Cuenta el cineasta francés Jean Jacques Annaud que Umberto Eco no estaba muy convencido de que Sean Connery encarnara a su Guillermo de Baskerville en El nombre de la rosa. Sólo una vez habló el escritor con el actor y su conclusión fue rotunda: "Sabe mucho. De fútbol". La típica ironía afectada del intelectual que piensa que el fútbol es para primates. El caso es que el gran intérprete escocés nos brindó otra de sus memorables interpretaciones y que la película, como rara vez sucede, estuvo a la altura de la fantástica novela.
Connery también le dio a James Bond una pátina distinta, de truhán envuelto en señor, que lo acercó al espectador, le hizo cómplice de sus pendencias.
Connery sacaba su vena de matón sin perder la compostura, como hizo Raúl García al agarrarle el brazo a Lopetegui y tirar de él. Mala leche envuelta en buen rollo para que Del Cerro hiciera mutis. Y por supuesto, sin que le enmendara la plana al navarro ninguno de los que vestían de azul noche y fucsia -o algo parecido al fucsia-.

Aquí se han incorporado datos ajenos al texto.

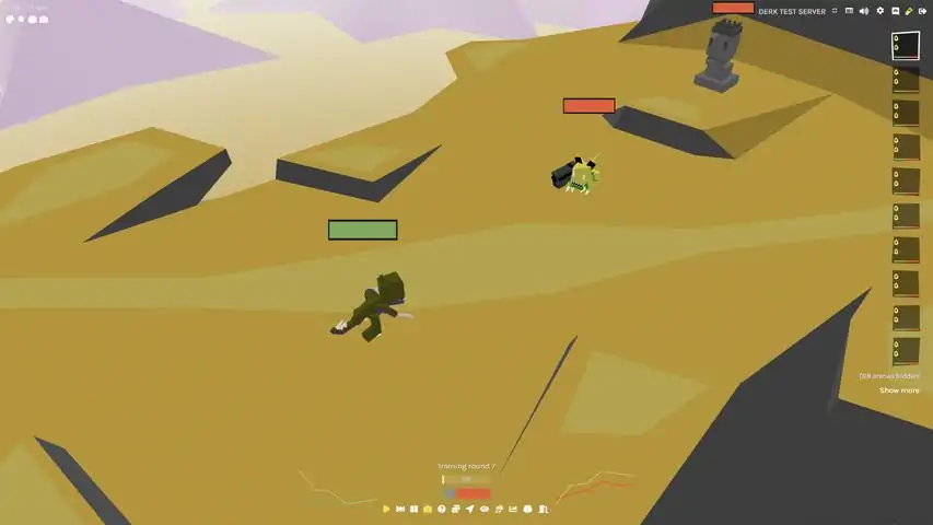 Welcome to Dr. Derk's Mutant Battlegrounds!This is a game where you train Derklings, a creature with a neural network brain, to fight for you! The game takes place in a wonky western-themed MOBA setting, and as you battle other players you earn upgrades and items for your Derklings. The challenge is to figure out the best loadout and training strategy for your Derklings!There are tons of strategies to explore, as the Derklings can be taught to do an endless number of things (thanks to the neural networks). How about teaching one of them to heal a tanky Derkling? Or make one of them dash through the opponents and go straight for the opponents statue? Or an all-out DPS team? Or try to make them trick the opponents? There's a lot to
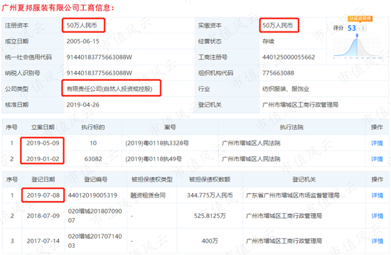 与动辄千万甚至上亿的交易规模形成鲜明对比的是,夏邦服装的注册资本只有50万元,其关联方的注册资本也只有1000万元(未缴足)。且夏邦服装在2019年曾两度被法院列为被执行人,同年7月新增一笔资产抵押。
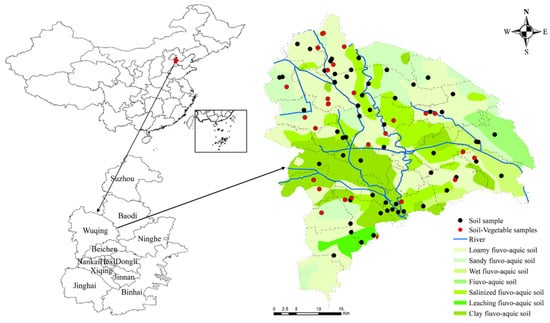 The study area is in Wuqing, northwestern Tianjin (116°46′–117°19′ E, 39°07′–39°42′ N), which is located in the lower part of the North China alluvial plain, with a gentle terrain and a total area of 1574 km2. The region features a temperate continental monsoon climate, with an annual average temperature of 11.6 °C, and an annual rainfall of 500–610 mm. Northwest winds are prevailing throughout the year, and annual average wind speeds are about 2–4 m·s−1. There are abundant high-quality coal reserves in the northwestern of Wuqing. The area also has many industrial parks, including industry, material manufacturing, automobile parts industry, and steel industry. It is also one of the main vegetable production areas in Tianjin city. Soil types in the area include fluvo-aquic soil, loam fluvo-aquic soil, sandy fluvo-aquic soil, clay fluvo-aquic soil, salinized fluvo-aquic soil, humid fluvo-aquic soil, and limestone leaching fluvo-aquic soil in terms of the classification and codes for Chinese soil (GB/T17296-2009). As a typical urban fringe area, the agriculture, industry, transportation, and other human activities in Wuqing District have changed significantly during the past decades. Thus, the characteristics of HM pollution sources in farmland are complex, seriously threatening the sustainable use of regional agricultural resources and the safety of agricultural products.
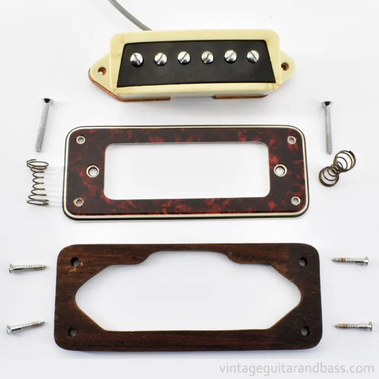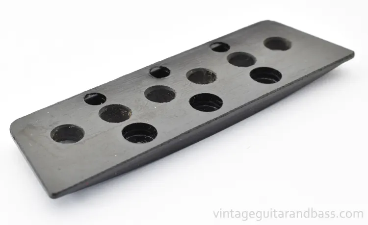 Matsumoku trapezoid pickups fitted to a Commodore N177. The biggest issue with these pickups is the fragility of the plastic surrounds. Damage does not always affect functionality, which is somewhat fortunate as examples without damage, or at least small cracks are rare.
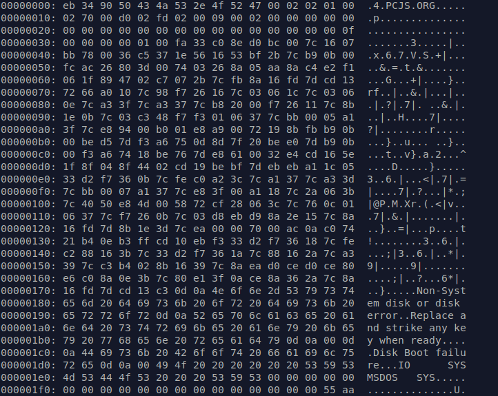 Der Anfang ist der Freitext mit Teilenummer und Copyright-Informationen, ab E05BH folgt der BIOS-Code der ausgeführt wird. Das kann nahezu beliebig kompliziert werden. Wir wollen als nächstes lieber einen Blick auf den Bootsektor einer MS-DOS-Diskette werfen. Praktischerweise kann man das Image auch gleich durch einen Klick auf "Save" von PCjs runterladen.
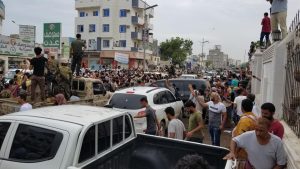 شيع الألاف من أبناء الجنوب جثمان الشهيد بإذن الله نبيل القعيطي الى مقبرة الرضوان بالممدارة بعد الصلاة عليه في جامع الرحمن بالمنصورة.
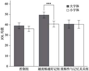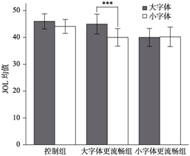 图3 实验2字体大小和组别的交互作用(图中误差线为标准误, ***表示p< 0.001。)
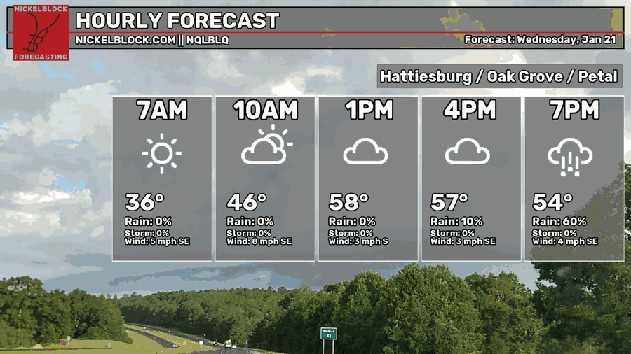 Mixed Rain Chances for Today and Tomorrow, Ice Possible in Some Areas Saturday – Weekend Forecast for South MS/LA/AL 1/21/26
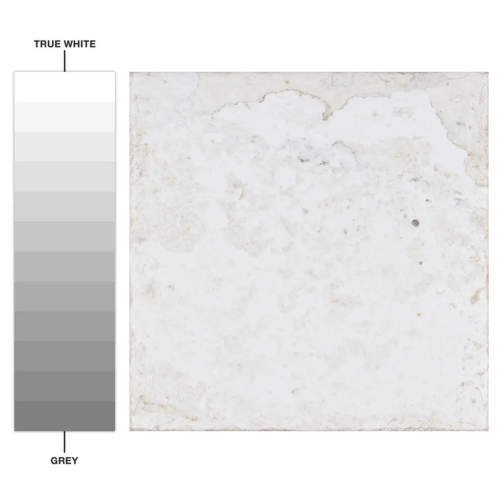 Offering a metal look, our Aevum White Ceramic Wall Tile features a slightly textured, mixed finish, providing decorative appeal that adapts to a variety of stylistic contexts. Containing 35 different print variations that are randomly distributed throughout each case, this white square tile offers a one-of-a-kind look. With its non-vitreous features, this tile is an ideal selection for indoor commercial and residential installations, including kitchens, bathrooms, backsplashes, showers, hallways and fireplace facades. This tile is a perfect choice on its own or paired with other products in the Aevum Collection. Tile is the better choice for your space! 11.0 square feet, 25 pieces per case. Case weight is 27.27 lbs. Grade 1, first-quality ceramic tile for wall use 7.88 in. width x 7.88 in. length x 0.25 in. thick Glazed, slightly textured finish with a mixed finish and moderate variation in tone PEI Rating 0 is suitable for wall use only Non-Vitreous tiles have water absorption of more than 7% for indoor use DCOF value is not available for this product. Please reference the PEI and MOHS rating for installation. Not frost resistant Please note: A sample of this product may be a partial piece cut from the full size tile in order to provide an affordable and convenient way for customers to judge the quality and finish of this item. Samples are not returnable.
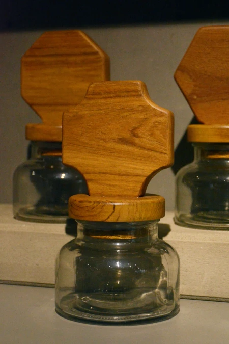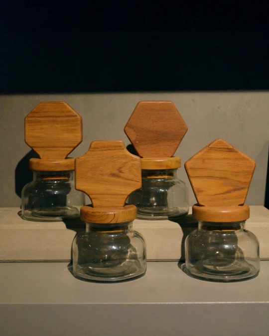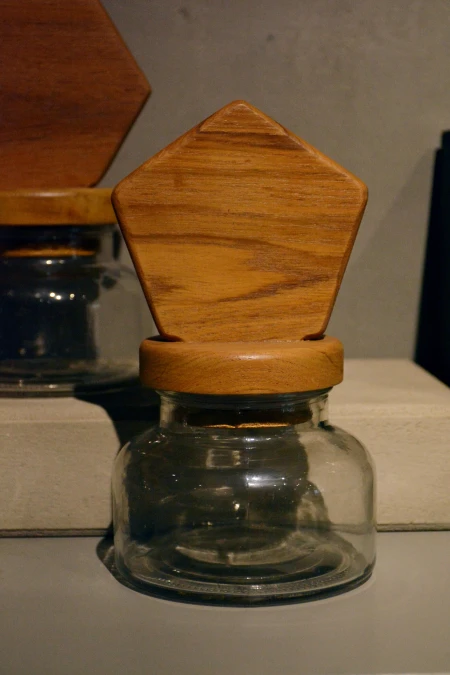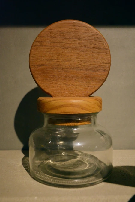 This series examines the intersection of pure form and utility, representing a deliberate exercise in minimalism. By balancing the transparency of glass with the organic warmth of hand-finished teak wood, these designer jars elevate the utilitarian object into a sculptural experience. Each piece stands 11 inches in height with a 5 inch diameter and features a sculptural lid that explores the dialogue between structure and void.
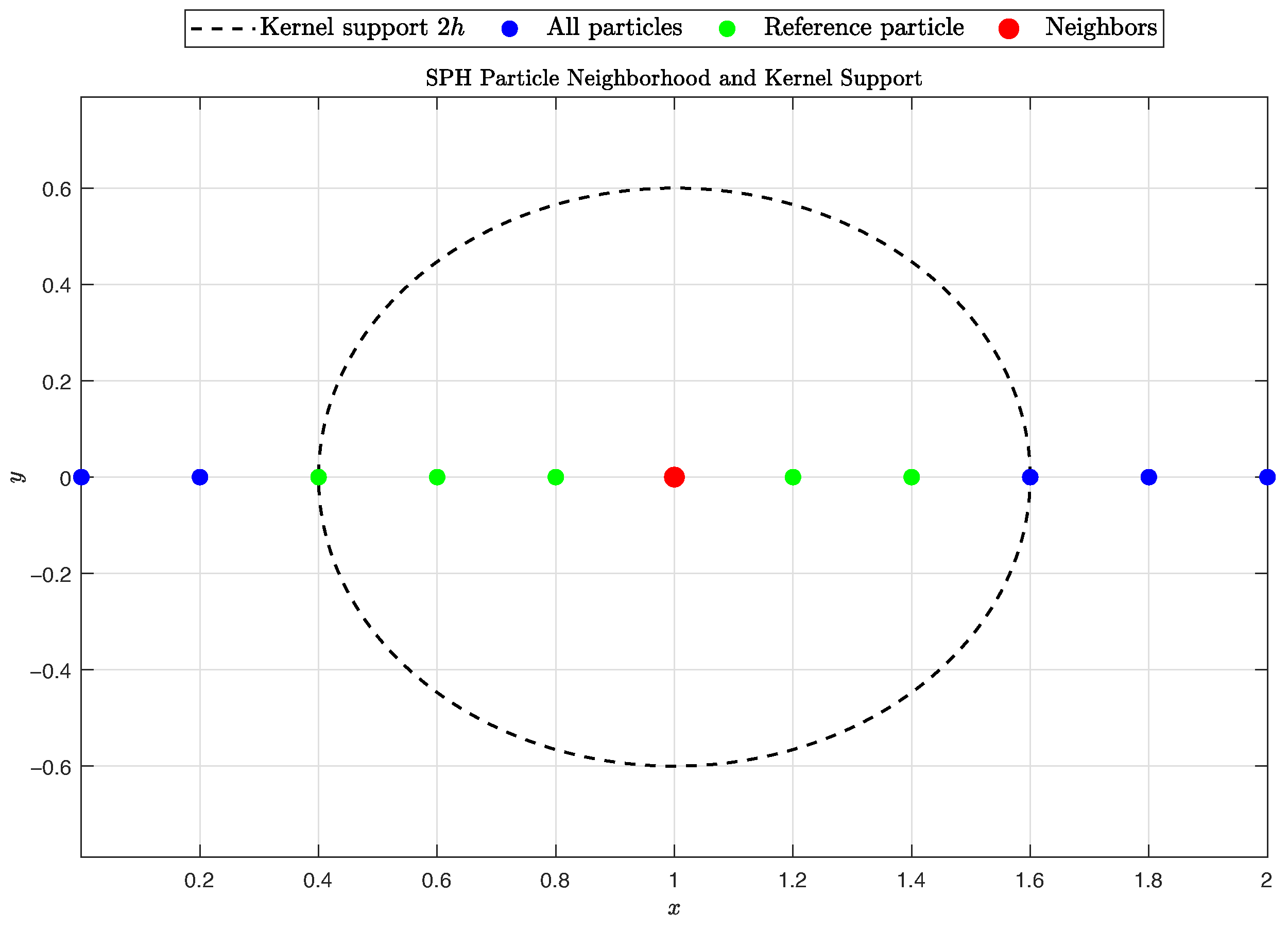 16]. Particles interact with their neighbors through a smoothing kernel, which provides a weighted approximation of field quantities and their derivatives. Only particles within the kernel’s compact support contribute to the local approximation. Unlike traditional grid-based methods, SPH does not require a fixed mesh and relies entirely on these interpolation kernels to evaluate the field variables and their derivatives.
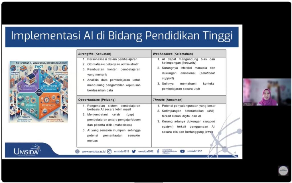 Perpustakaan UMSIDA kembali menyelenggarakan kegiatan akademik melalui program Online Literacy Class (OLC) yang berfokus pada penguatan literasi digital mahasiswa. Mengangkat tema penggunaan kecerdasan buatan (AI) yang selaras dengan standar etika publikasi ilmiah, kegiatan ini dilaksanakan secara daring pada Kamis, 9 April 2026 pukul 13.00 WIB dengan menghadirkan Dr. Andi Mardiana P., M.Pd. sebagai narasumber.
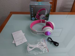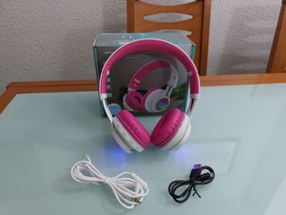 Auriculares inalámbricos para niños, con luces LED de colores que pueden activarse y desactivarse. Se pueden utilizar de forma inalámbrica o con cable. Se incluyen cable de carga, cable de conexión, instrucciones y caja. Funcionan muy bien. Se pueden plegar. Diadema ajustable. No hago envíos.
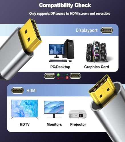 Widely compatible:For graphics cards or GPUs that support DP,DP++,DisplayPort++,Perfect for graphics card (AMD,NVIDIA),laptops (HP,Lenovo),desktops (HP,Dell,Lenovo),Note:Hubs,docking stations or KVM switches are not supported.docking stations or KVM switches are not supported
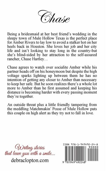 Being a bridesmaid at her best friend's wedding in the sleepy town of Mule Hollow Texas is the perfect place for Amber Rivers to lay low to avoid a stalker hot on her heels back in Houston. She loves her job and her city life and isn't looking to stay long in the country-but she's blindsided by her attraction to the self-assured rancher, Chase Hartley… Chase agrees to watch over socialite Amber while his partner heads off on his honeymoon but despite the high voltage sparks lighting up between them he has no intention of getting any closer to Amber than necessary to keep her safe. But he soon realizes there's a whole lot more to Amber than he first assumed and keeping his distance is becoming harder with every passing moment they're together. An outside threat plus a little friendly tampering from the meddling Matchmakin' Posse of Mule Hollow puts this couple on high alert as they try not to fall in love.
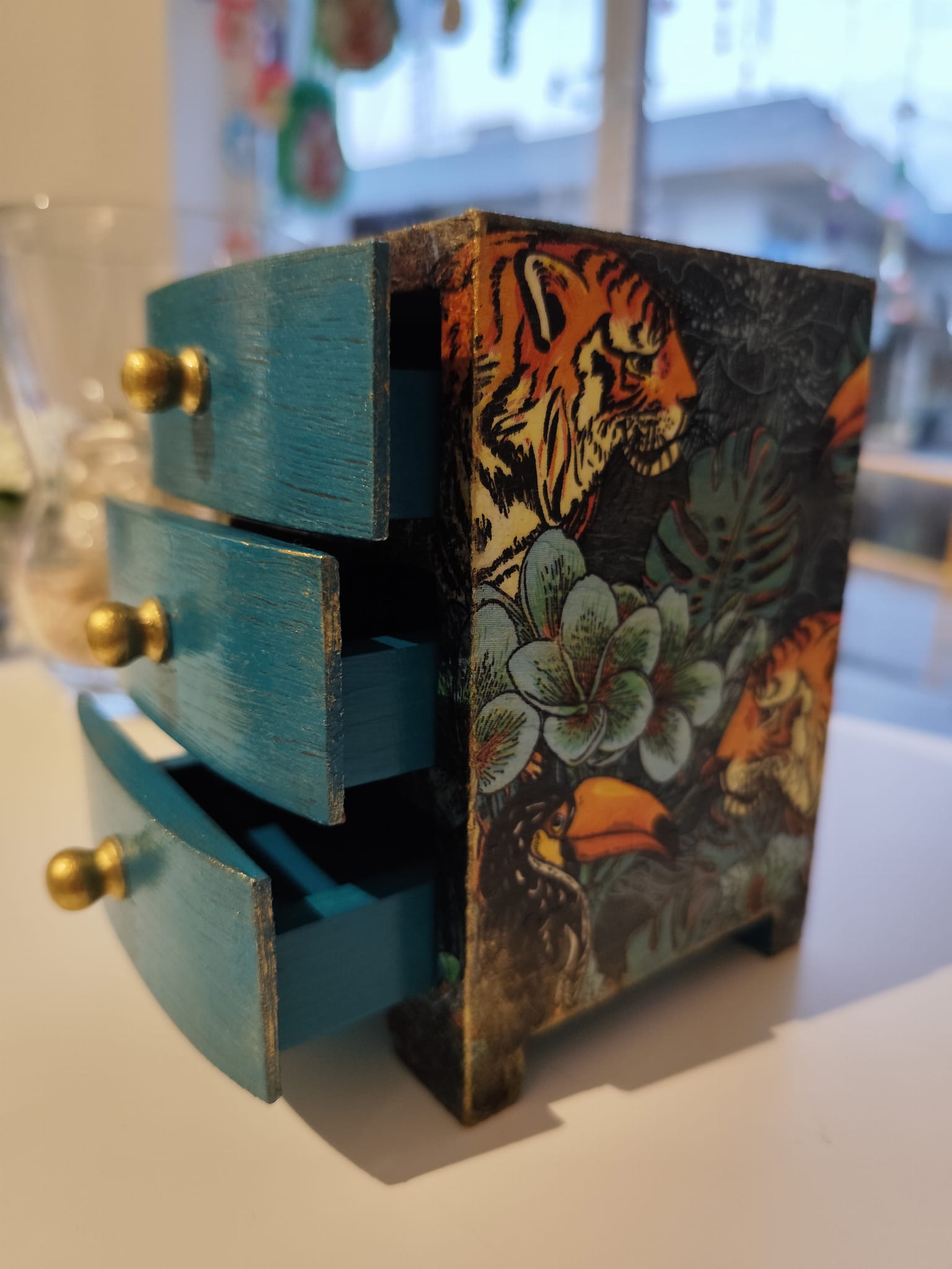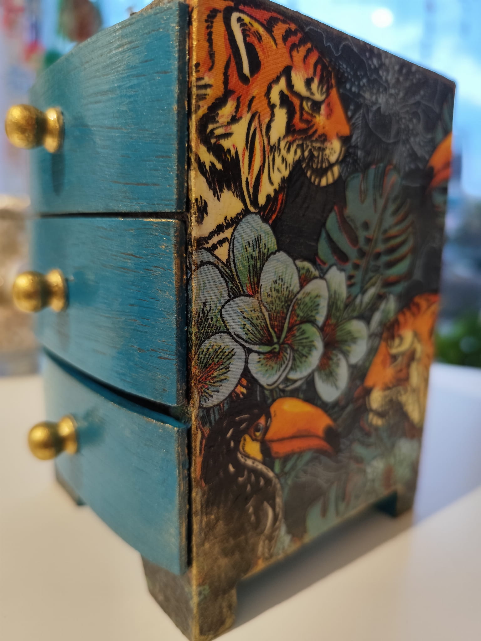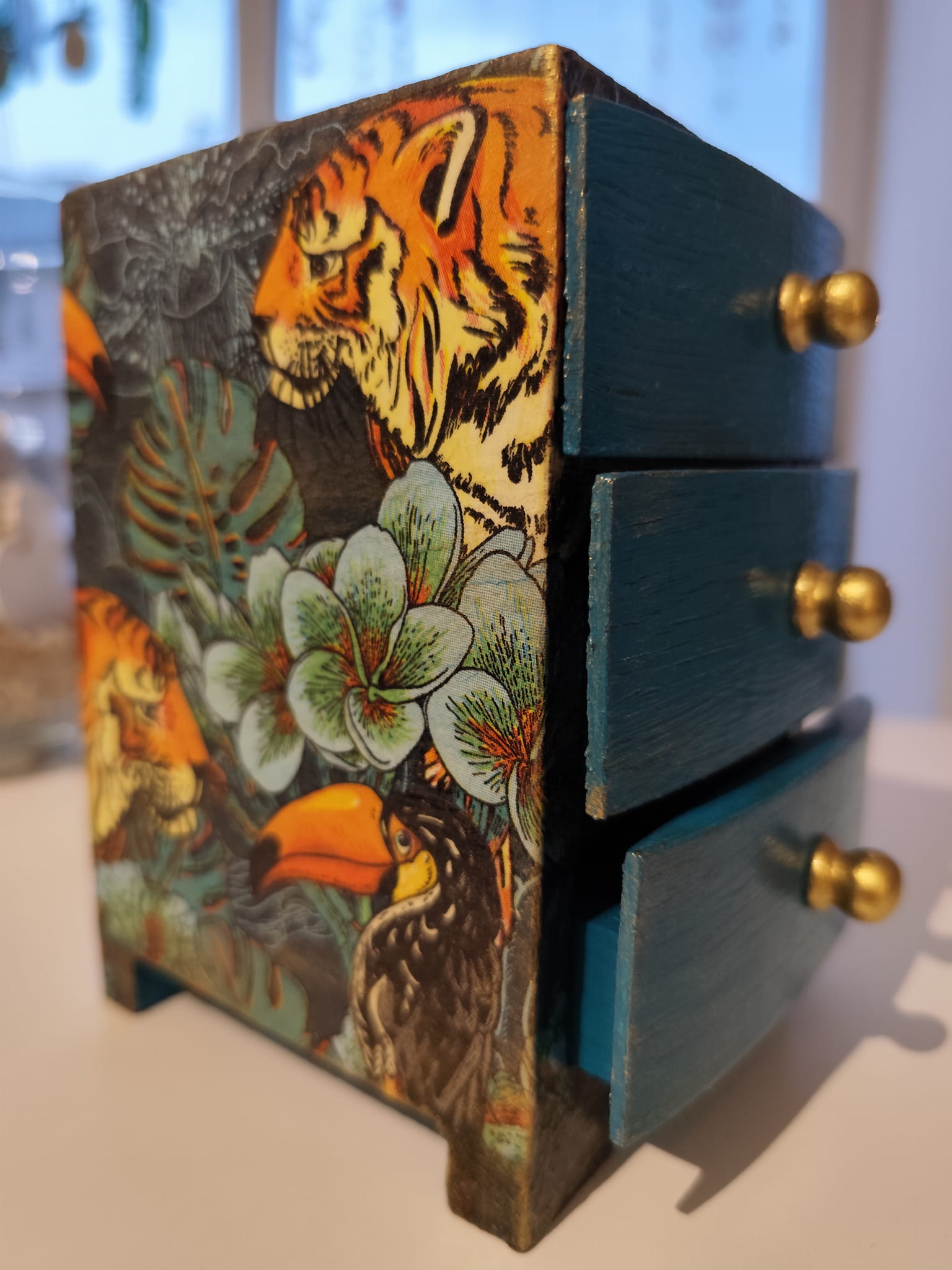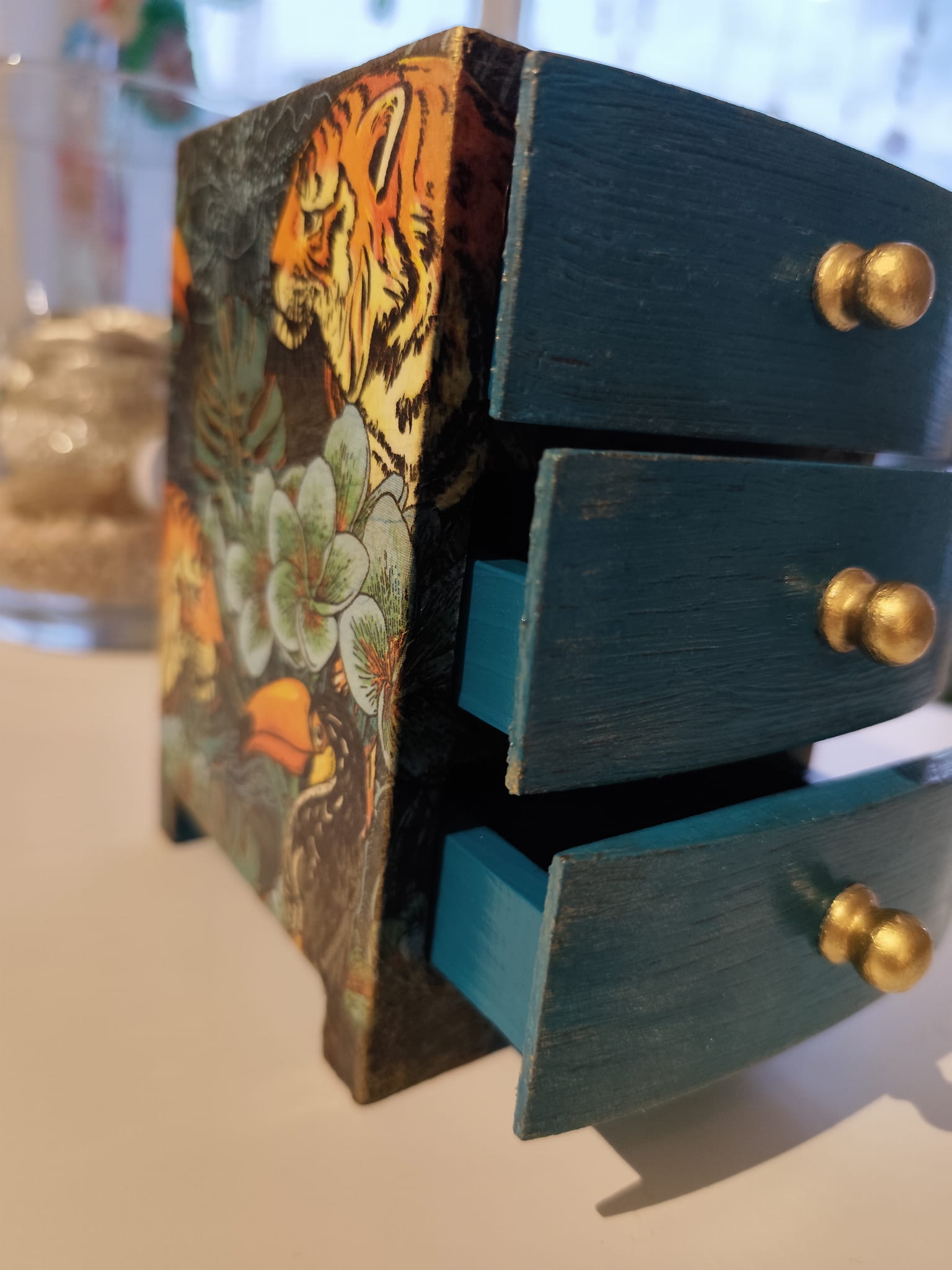 Każda szufladka została ozdobiona z dbałością o detale – majestatyczne tygrysy w otoczeniu roślinności wprowadzają egzotyczny, artystyczny akcent, a przecierki i patynowane wykończenia dodają całości szlachetnej surowości.

En este Sevilla, hasta los que pueden tener aspecto de haber castigado de niños los tobillos de los profesores para escapar de la escuela por la banda, como es el caso del Huevo Acuña, piden perdón por dar una patada. Y en el Athletic, en cambio, sale una teórica paloma, el menudo Unai Núñez, y lo primero que hace es soltar una destemplada patada al primero que ve.
El Sevilla es muy buen equipo de fútbol. Pero lo mejor que puede hacer el rival es ponerle un espejo para que repare en lo guapo que es y lo encantado que está de haberse conocido. Lo que tiene de buen gusto lo tiene de afectado. Y el primero su entrenador, empecinado en tirar del Mudo. Si el Athletic fue Connery, el Sevilla fue Roger Moore: pura afectación, un mírame y no me toques. El cansancio sonó a excusa preconcebida. En las películas, Moore se salía con la suya protegido por su flor. Pero en la vida, no se tiene tanta flor. Aunque algunos piensen lo contrario.